▶ _PROBLEM DETAILS_
Scan the records for lines with the string "Donation". Say how many there are, and add nothing.

▶ _DATASET RECORDS_
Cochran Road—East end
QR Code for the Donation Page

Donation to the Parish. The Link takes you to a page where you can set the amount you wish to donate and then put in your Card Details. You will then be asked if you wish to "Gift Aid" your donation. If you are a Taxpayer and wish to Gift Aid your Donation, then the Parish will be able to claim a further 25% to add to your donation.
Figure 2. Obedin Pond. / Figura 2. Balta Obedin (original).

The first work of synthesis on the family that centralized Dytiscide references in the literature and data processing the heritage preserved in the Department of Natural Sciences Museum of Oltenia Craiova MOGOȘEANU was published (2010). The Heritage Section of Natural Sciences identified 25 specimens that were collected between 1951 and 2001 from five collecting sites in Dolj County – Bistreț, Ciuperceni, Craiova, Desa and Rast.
==
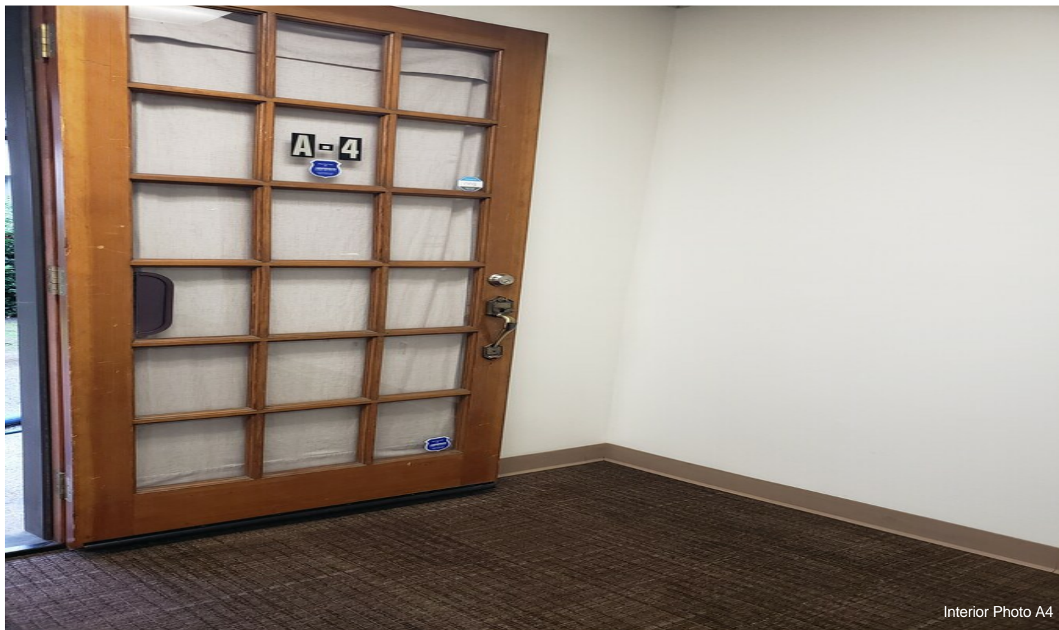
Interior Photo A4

▶ _FINAL ANSWER_
2